> WORK ITEM
It is required that the lines from the top of the listing through the line with "先画一个像柿子一样圆扁的老虎脑袋,老虎的腮帮要鼓一些,要注意左右对称。" be reproduced exactly, excluding pictures.

> SUPPLIED RECORDS
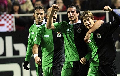 סרחיו קנאלס חוגג עם חבריו בראסינג סנטאנדר (צילום: AP)
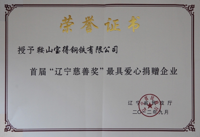 2012年9月,公司榮獲首屆“遼寧慈善獎(jiǎng)”最具愛心捐贈(zèng)企業(yè)。
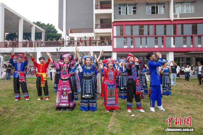 图为南宁职业技术大学学生在对唱山歌。南宁职业技术大学 供图 图为南宁职业技术大学学生在表演民族服装秀。南宁职业技术大学 供图
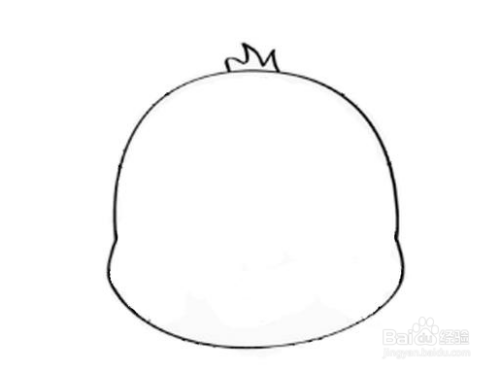 先画一个像柿子一样圆扁的老虎脑袋,老虎的腮帮要鼓一些,要注意左右对称。
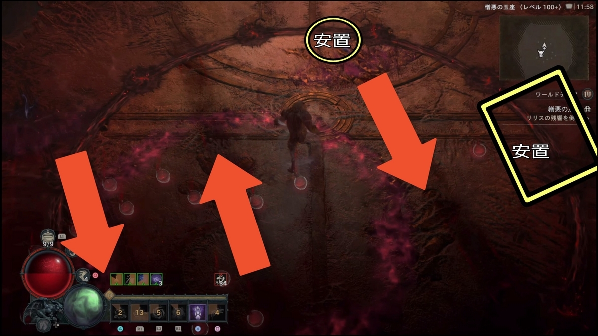 - どのケースにおいても端から反対方面に駆け込めば安置があるが、移動速度150%くらいは欲しい※通常ブーツとアミュレット2か所に上の方の数値を引くと25%くらいつけれるので、2つで50%、ステータス上150%となる。ブーツに移動系の化身をつけてもいい
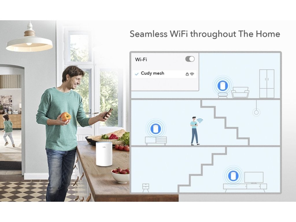 Mesh systém není nic jiného než sada routerů pro použití v domácnostech, bytech, kancelářích, kde je pokrytí Wi-Fi sítí z jednoho routeru příliš slabé. Více Mesh jednotek si mezi sebou automaticky předávají klienty a komunikují mezi sebou pouze bezdrátově. Balení obsahuje tři zařízení, která jsou již vzájemně nakonfigurována a nevyžadují zásah uživatele kromě nastavení názvu Wi-Fi. Ideální řešení pro pokročilé i laiky v oblasti správy sítí a budování velké bezdrátové sítě.
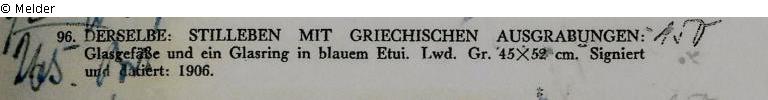„Von außergewöhnlicher Schönheit ist dieses auf einer weißen Tischdecke präsen-tierte Stilleben mit griechischen Ausgrabungsfunden. Ein leuchtendes Geschmeide mit Glassteinen in einem mit Samt ausgeschlagenen Etui sowie mit bunten Glasflaschen sind eine Augenweide impressionistischer Malerei“. (UW)
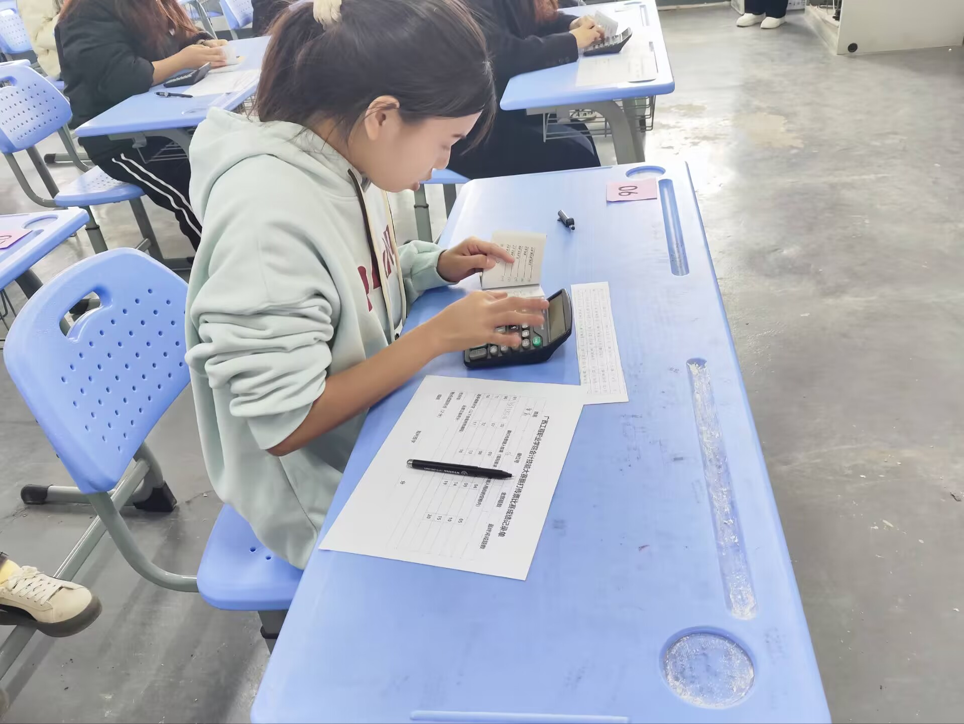 翻打傳票項目中,隨著老師“開始”一聲令下,選手們迅速進入比賽狀態(tài),每位選手都全神貫注地投入比賽當中,目光在傳票和計算器上的數(shù)字之間來回掃視,左手嫻熟地翻動著傳票,右手快速地敲擊著鍵盤上的按鍵,手指快捷、輕靈地游走在各個數(shù)字和符號之間,沒有片刻中斷。比賽現(xiàn)場呈現(xiàn)出職業(yè)競技中專業(yè)而緊張的氛圍。敏捷的反應與熟練的指法,展現(xiàn)出財會學子對職業(yè)技能日益駕輕就熟、嚴謹認真的職業(yè)態(tài)度。

> COMPLETED TASK
 סרחיו קנאלס חוגג עם חבריו בראסינג סנטאנדר (צילום: AP)
 2012年9月,公司榮獲首屆“遼寧慈善獎(jiǎng)”最具愛心捐贈(zèng)企業(yè)。
 图为南宁职业技术大学学生在对唱山歌。南宁职业技术大学 供图 图为南宁职业技术大学学生在表演民族服装秀。南宁职业技术大学 供图
 先画一个像柿子一样圆扁的老虎脑袋,老虎的腮帮要鼓一些,要注意左右对称。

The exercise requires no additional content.